- Activity -
Would you copy exactly the lines in the data below from the one that has "Rustic AscentGeometric Mountain" through the one that has "Kit Refeição Completo", dropping any pictures?

(Excerpts from a dataset)
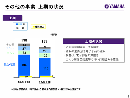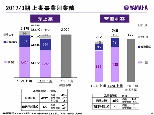 楽器事業 上期の状況
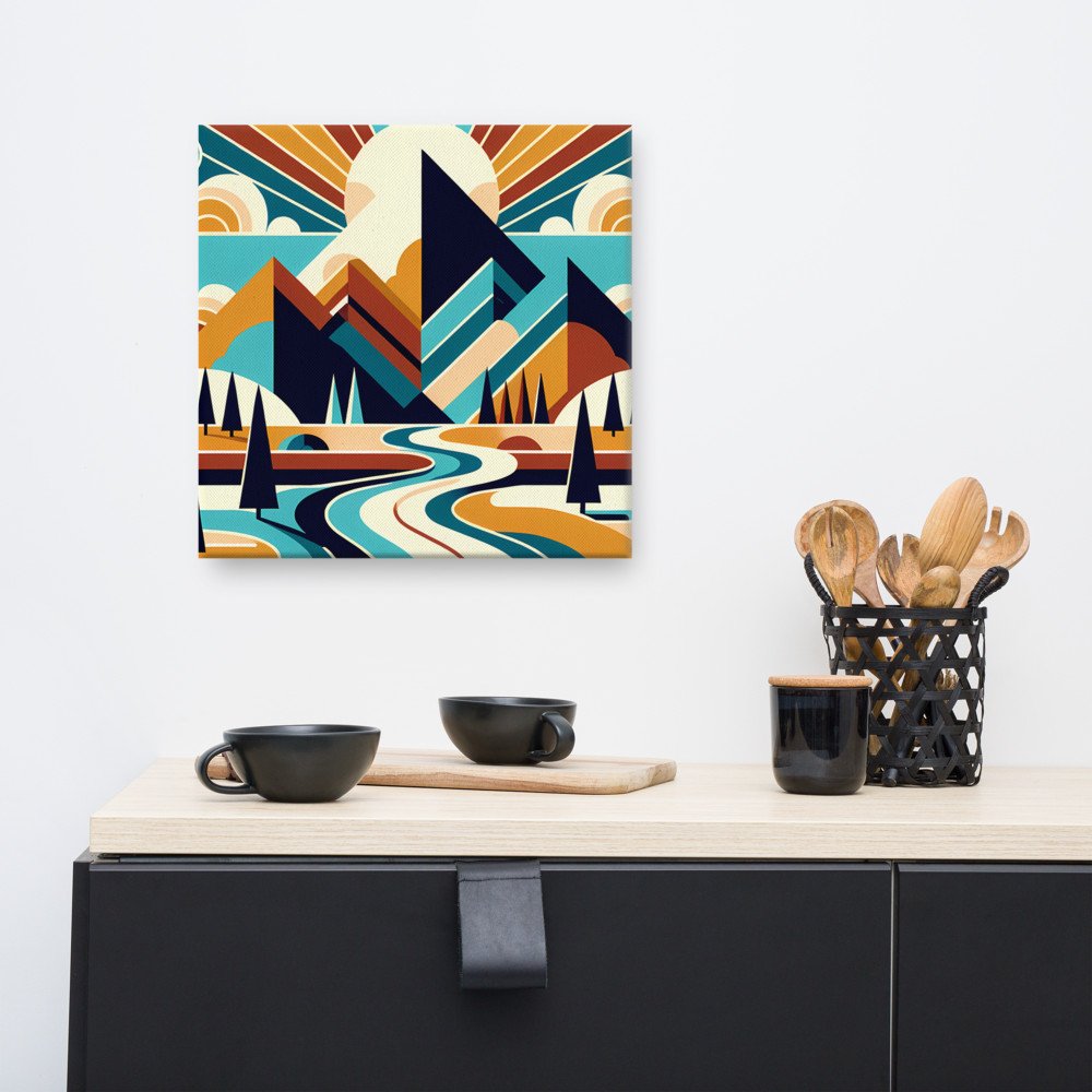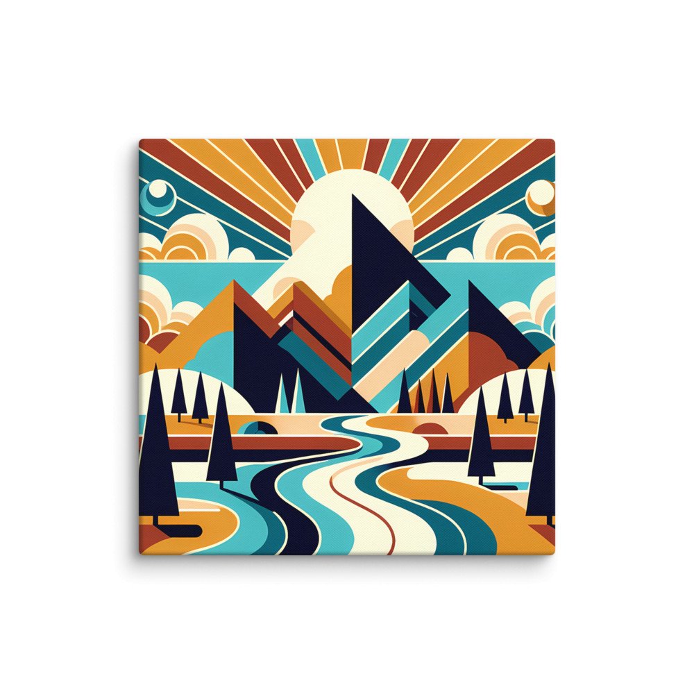 Rustic AscentGeometric Mountain Peaks with River and Sunburst — Canvas Print
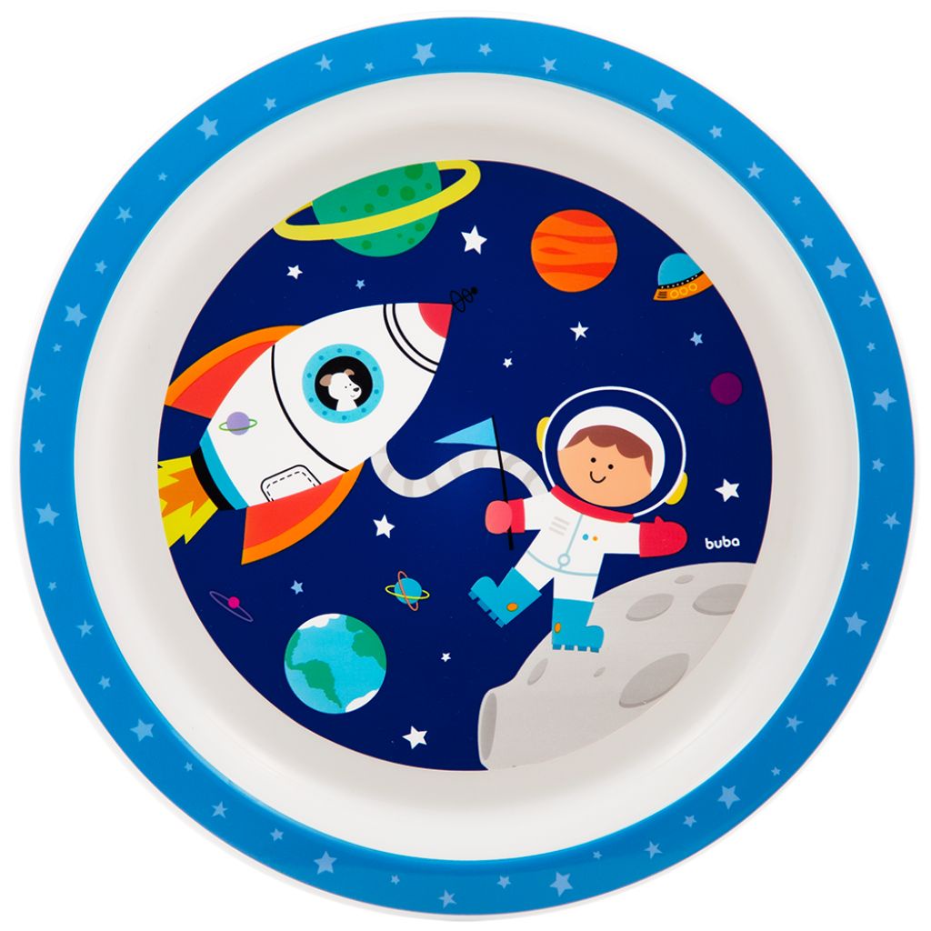 Kit Refeição Completo Aventuras Astronauta Prato Bowl Copo Talheres E Garrafinha Buba
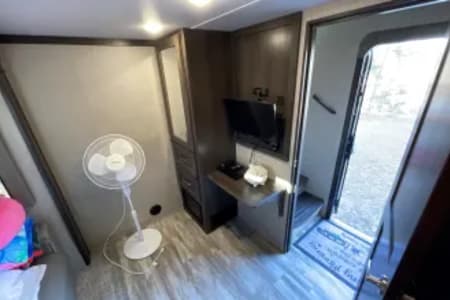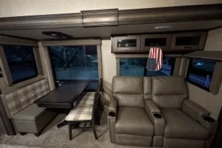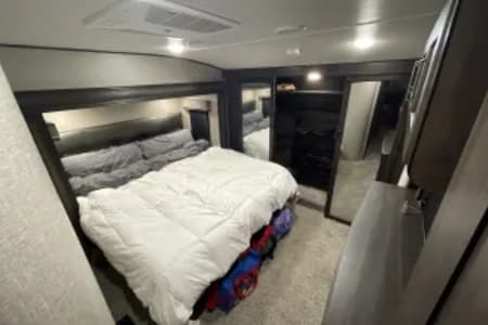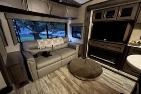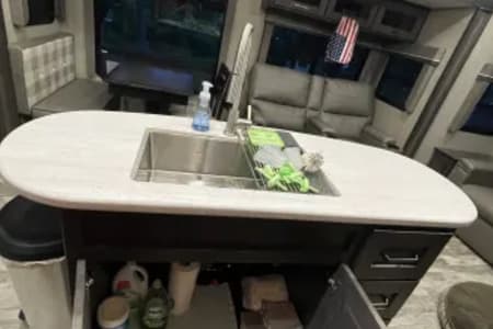 Our camper comes with everything you need for a camping trip. Fully furnished kitchen including pots, pans, dishware, cooking utensils, mixing bowls, measuring cups, etc. Plenty of outdoor items included such as a portable blackstone, tables and chairs, outdoor radio, and select outdoor games, outdoor area rugs and entry rugs. Can include linens and towels upon request. All setup items are included such as freshwater hoses, surge protector, sewage hoses, and 50amp cable. This unit has dual ducted air conditioners and furnace heat. We provide one topper for one of the pullouts. We also provide cleaning supplies, vacuum, and broom. Renter is expected to leave unit clean as it was delivered. Other special request can be entertained per renters request.
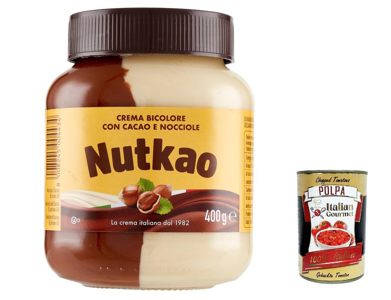 Italian Gourmet E.R. Nutkao Two-Tone Cocoa Hazelnut and Vanilla Cream Set of 6 Spreadable Cocoa Hazelnut and Vanilla Creams 400g + Italian Gourmet Polpa 400g
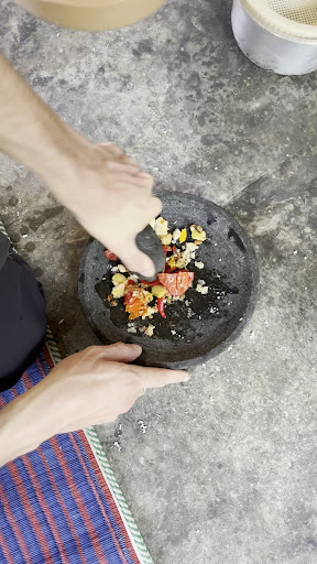 Ttencooking class: You will be cooking with and observing his wife cooking in her actual kitchen, which is fascinating in itself to see how your food is being prepared in the warungs you go to. You can choose your dish(es) and make it with his wife.
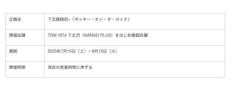 東京・下北線路街の各施設にある飲食店とコラボレーションし、オリジナルの「ポッキー・オン・ザ・ロック」メニューを展開します。
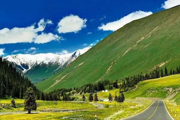 5、风物脾气:一起征象是充满生机的绿,有盘山路可看攀山而生的雪岭云杉;有平坦径直的草原公路,可赏风吹草低见牛羊。
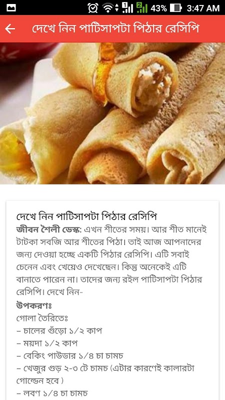 [বাঙ্গালী অনেক ভোজনরসিক। আর ভোজন করতে বা খেতে হলে তো রান্না করতে হবে। আর রান্না করতে হলে জানতে হবে কিছু কৌশল। ডিজিটাল এই যুগে মা-খালাদের কাছ থেকে রান্না শেখার দিন শেষ। অনলাইনেই শেখা যেতে পারে নানা ধরনের রান্না। আর তাই আমরা নিয়ে এসেছি "মজার রান্না" নামের এই এ্যাপসটি। "মজার রান্না" নামক এই এ্যাপসে আপনি পাবেন অনেক ধরনের নতুন রান্নার রেসিপি। তাই আজই ইন্সটল করুন এ্যাপসটি আর পেয়ে যান নানা ধরনের রান্নার কৌশল।]
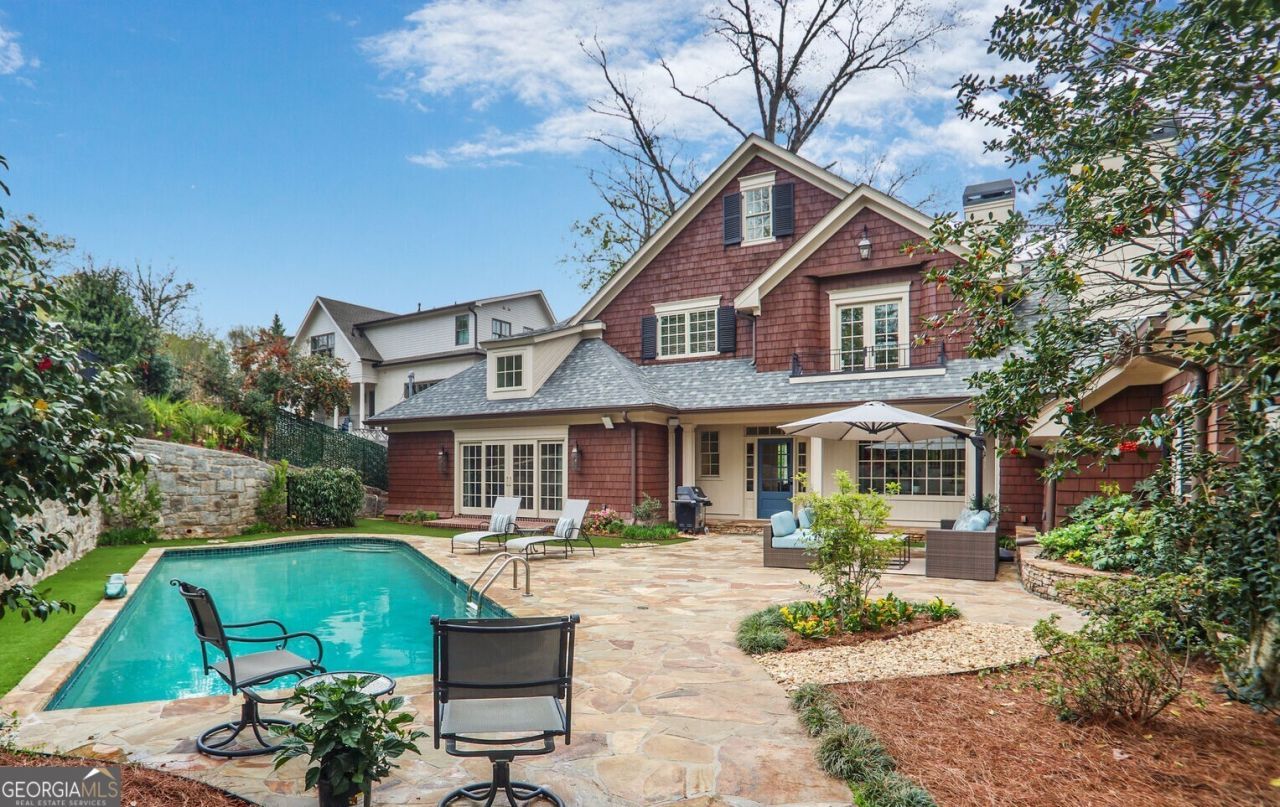 $100K Price Reduction! Amazing Ansley Golf Club Views from this New England Style Classic... with Heated Pool! Expert 2023 renovations from top to bottom in this 1997 rebuilt home. Watch the holiday fireworks from your gardens at the top of the grandest front lawn in Sherwood Forest. Dramatic front entrance with lighted stone walkway. Convenient rear entrance with 2-car garage and unique cul-de-sac street parking. Chef's Kitchen with Island, Fireplace and New Wolf Double Range. Family Rm with Screened Porch with Porch Swing. New Scullery/Pantry with 2nd Refrig and 2nd Dishwasher. Huge Formal Dining Rm with Custom Fireplace. Convenient Casual Breakfast Rm that embraces the Saltwater Pool and Stone Sundeck. Two Bedrooms on Main with luxury Full Bath and Half Bath. Generous Primary on the second level with oversized closet and 2nd Laundry. Additional 2nd Floor Family Room with custom Fireplace and Game Rm overlooking Pool. Third floor Bedroom with Flex Space and Full Renovated Bath. Large 6th Bedroom or office on lower level with Oversized Laundry Rm. Tremendous basement storage with exterior access. New Pella Windows. New Roof. New Paint. 4 Zones HVAC. Outdoor Pool Shower. Oversized 2-car Garage with its own HVAC. TWO Family Rooms. This one has it all!
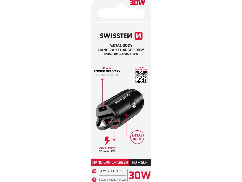 Nano autonabíječka SWISSTEN s výstupem USB-C Power Delivery a USB SuperCharge. Celkový výstupní výkon 30W. Baleno v blistru SWISSTEN.
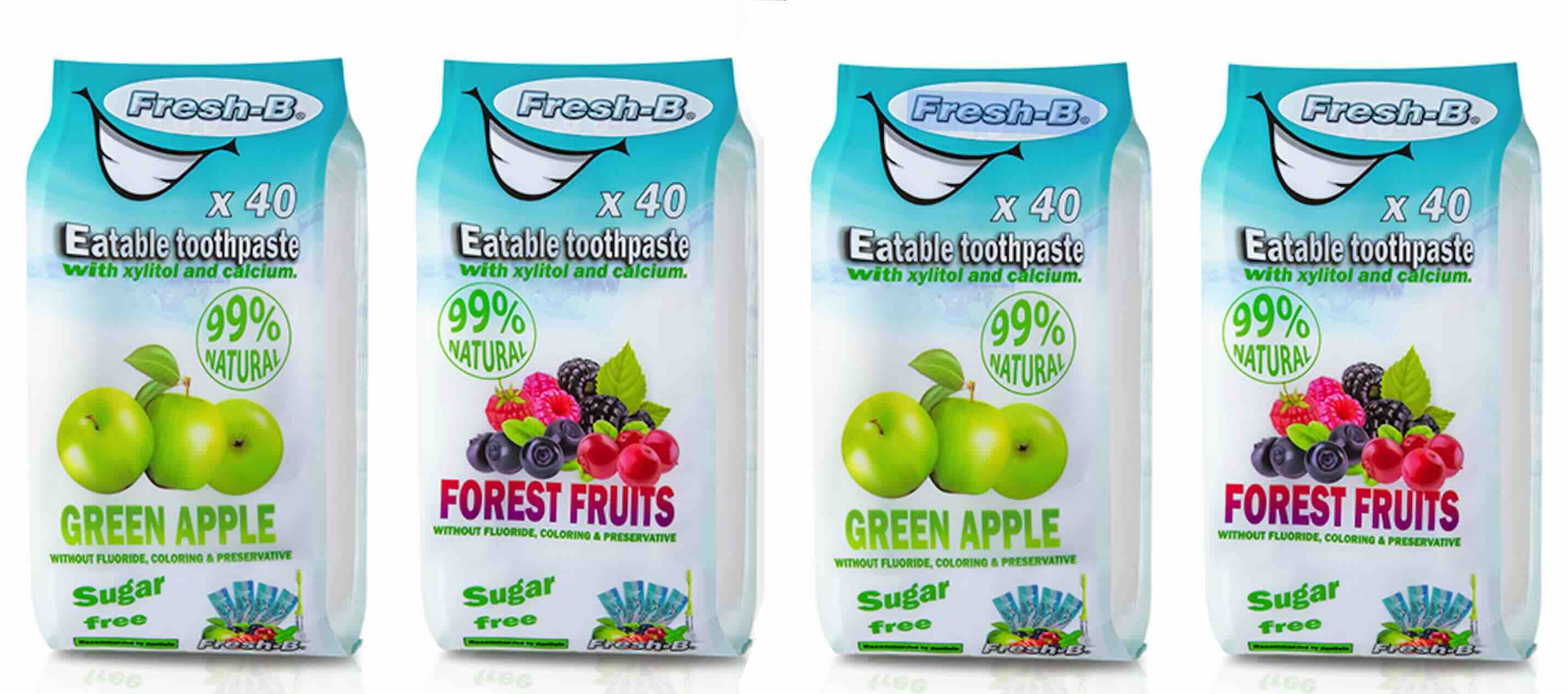 chaque sac contient 40 doses de dentifrice comestible Eat & B-fresh + une brosse à dents pliable

- Result for this exercise -
 Rustic AscentGeometric Mountain Peaks with River and Sunburst — Canvas Print
 Kit Refeição Completo Aventuras Astronauta Prato Bowl Copo Talheres E Garrafinha Buba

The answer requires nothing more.